As Russia’s invasion grinds on and debate continues over allowing Ukraine to use Western-supplied missiles to strike military targets within Russia, the United States government this month allocated new aid to Ukraine for preservation of cultural heritage and instituted long-term controls on the importing of “archaeological and ethnological materials” that have been seized via wartime pillaging.
The US State Department announced the additional cultural support on the margins of the United Nationals General Assembly in New York on Thursday (26 September), on the same day that US President Joe Biden told Ukrainian President Volodymyr Zelensky at the White House in Washington, DC, that he would be fast-tracking nearly $8bn in US military aid.
The new cultural package includes the US ensuring in partnership with the University of Pennsylvania’s Cultural Heritage Center that “Ukrainians have the data and skills they need to repair and restore damaged cultural heritage and to counter false narratives about Russia’s unprovoked war and Ukraine’s unique cultural identity”, the State Department’s announcement explained.
On 25 September, Brian I. Daniels, director of research and programmes at the Penn Cultural Heritage Center, which is part of the Penn Museum, testified before the US Congress’s Tom Lantos Human Rights Commission during a session focused on Russia’s campaign to erase Ukrainian culture and identity.
“Cultural targeting should concern us greatly,” Daniels told the commission. Based on data from the Ukrainian Heritage Monitoring Lab, his institution, the Smithsonian Cultural Rescue Initiative, Virginia Museum of Natural History and University of Maryland have been able “to apply our research and identify instances that point to systematic and widespread targeting by Russia”, he said.
The State Department also announced that the FBI and Justice Department will work with Ukraine’s Prosecutor General on strengthening Ukraine’s capabilities in tracking, investigating and prosecuting cases of cultural artefacts that have been stolen, looted and trafficked from Ukraine.

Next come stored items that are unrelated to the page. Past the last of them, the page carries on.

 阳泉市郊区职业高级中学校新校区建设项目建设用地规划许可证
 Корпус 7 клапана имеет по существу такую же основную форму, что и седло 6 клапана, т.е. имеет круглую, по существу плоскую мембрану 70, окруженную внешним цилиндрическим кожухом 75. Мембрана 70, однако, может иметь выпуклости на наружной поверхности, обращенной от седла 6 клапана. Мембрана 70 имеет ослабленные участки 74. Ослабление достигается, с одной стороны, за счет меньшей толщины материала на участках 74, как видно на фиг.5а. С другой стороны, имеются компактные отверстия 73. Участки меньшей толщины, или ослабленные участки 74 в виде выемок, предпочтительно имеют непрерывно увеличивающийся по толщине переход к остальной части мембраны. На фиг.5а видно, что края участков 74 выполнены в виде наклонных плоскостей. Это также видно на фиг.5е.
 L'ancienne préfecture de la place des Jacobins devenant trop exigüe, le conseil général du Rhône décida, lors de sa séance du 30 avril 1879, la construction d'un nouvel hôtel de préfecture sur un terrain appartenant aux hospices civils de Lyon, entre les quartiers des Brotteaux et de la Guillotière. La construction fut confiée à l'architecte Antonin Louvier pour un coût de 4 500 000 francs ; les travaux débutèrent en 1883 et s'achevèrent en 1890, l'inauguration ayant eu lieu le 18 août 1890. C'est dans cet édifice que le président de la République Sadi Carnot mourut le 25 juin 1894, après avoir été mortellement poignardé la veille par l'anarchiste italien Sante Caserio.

A spokesperson for the Ukrainian Prosecutor General’s office said in a statement on 27 September that its delegation, which was in the US last week, discussed at meetings “the issue of documenting war crimes and the illegal movement of cultural values”.

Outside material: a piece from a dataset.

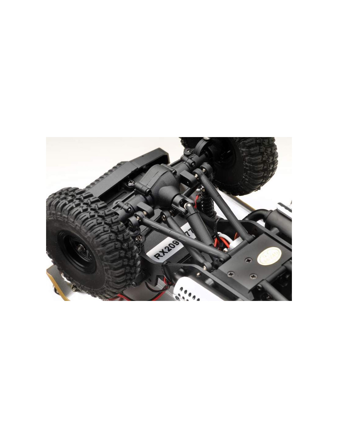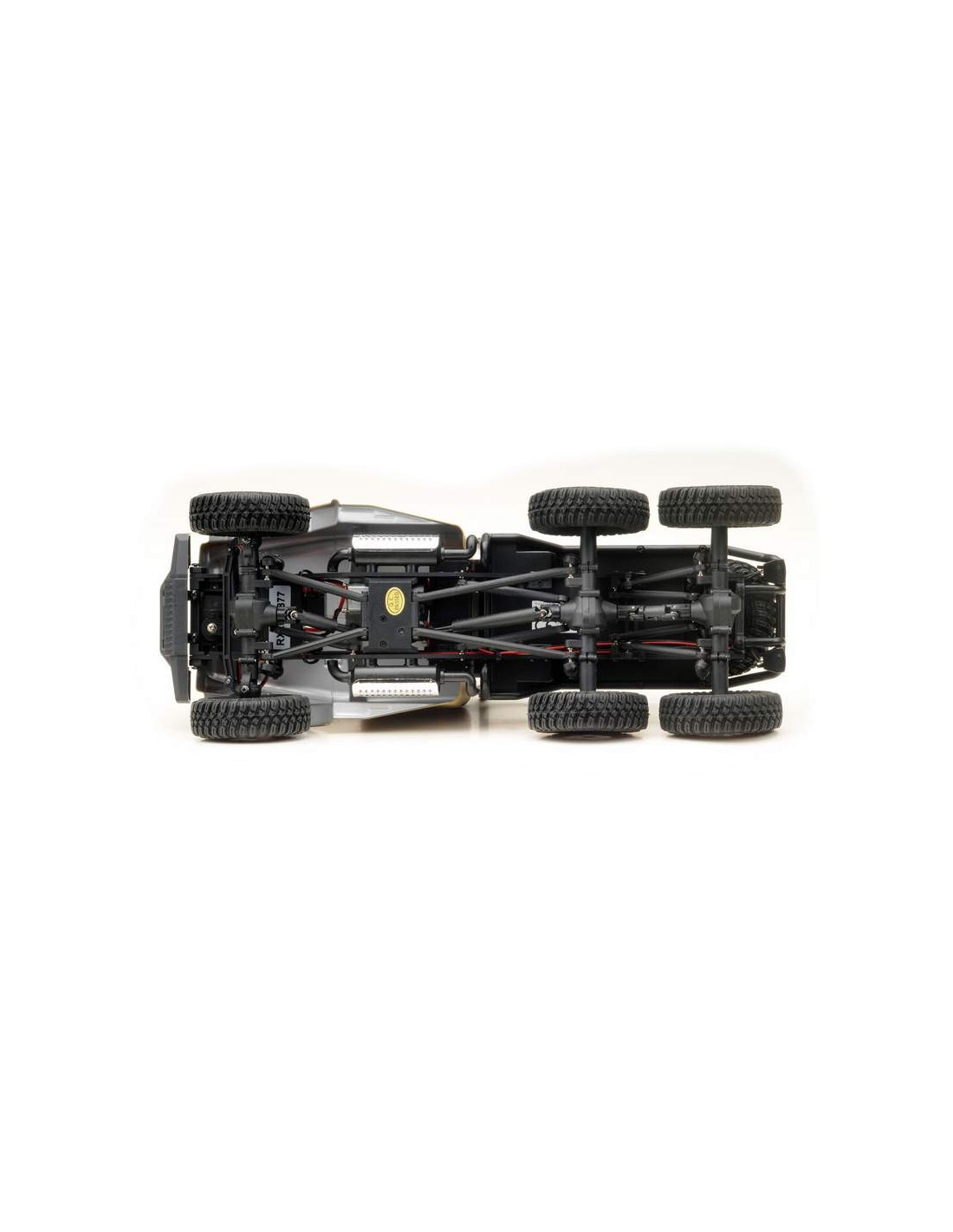 El chasis no es inferior al de los hermanos Crawler a mayor escala. Un chasis multibrazo, diferenciales completamente bloqueados, ejes de transmisión telescópicos, una caja de cambios de alto rendimiento de 3 etapas y, por supuesto, tracción total (6x6) garantizan un rendimiento superior. También hay un "freno de arrastre/montaña" para que pueda detenerse fácilmente incluso en las pendientes más pronunciadas.

Emergency import restrictions imposed on 10 September by the Departments of Justice and Homeland Security, based on “a determination made by the United States Department of State under the terms of the Convention on Cultural Property Implementation Act”, are aimed at preventing the “illicit removal and sale of Ukraine’s cultural heritage”, according to the text of the rule.
Archaeological and ethnological material in the list include “objects related to funerary rites and burials dating from 200CE to 1917”. Russia has been targeting historic burial mounds in Ukraine. The restrictions are in place until March 2029.
On 23 September, Ukraine’s minister of culture and strategic communications Mykola Tochytskyi met in New York with Homeland Security Investigations (HSI) New York special agent in charge William S. Walker and Department of Homeland Security (DHS) under secretary for policy Robert Silvers for the repatriation of four antique sabers to Ukraine.
DHI stated that HSI agents at New York's John F. Kennedy International Airport were informed in June 2022 by US Customs and Border Protection of a package shipped from Russia that was declared to be a barbecue set but in fact contained four sabres that seemed to be antiques. The National Museum of History Ukraine identified the objects as sabres dating from between the 9th century and the 13th century that had belonged to nomadic and seminomadic inhabitants of the Eurasian steppe. According to DHI the sabres are part of a larger investigation that has resulted in previous repatriations.
“Each returned artefact is a small victory in our struggle for our identity and, ultimately, for our victory,” Tochytskyi said. “Our artefacts are the symbols of the Ukraine, its aspiration for freedom and independence. And as long as we have them, we will live, fight, and win.”
Earlier this month, in Naples for the G7 Culture Ministerial, the US State Department’s assistant secretary of state for educational and cultural affairs, Lee Satterfield, announced a $1m grant for the latest phase of a multi-year project of the International Centre for the Study of the Preservation and Restoration of Cultural Property (ICCROM) to safeguard Ukrainian cultural heritage. It is part of an overall US commitment of $10.5m via the Ukraine Cultural Heritage Response Initiative.
“Ukrainians are fighting for the human rights and freedoms we all cherish,” Satterfield said. “And they are also fighting, in a very real sense, for their identity as a distinct and unique culture, which Vladimir Putin has denied—a denial he has used to falsely justify his brutal, full-scale invasion. This funding will support the heroic efforts of Ukrainians to protect and preserve their cultural heritage.”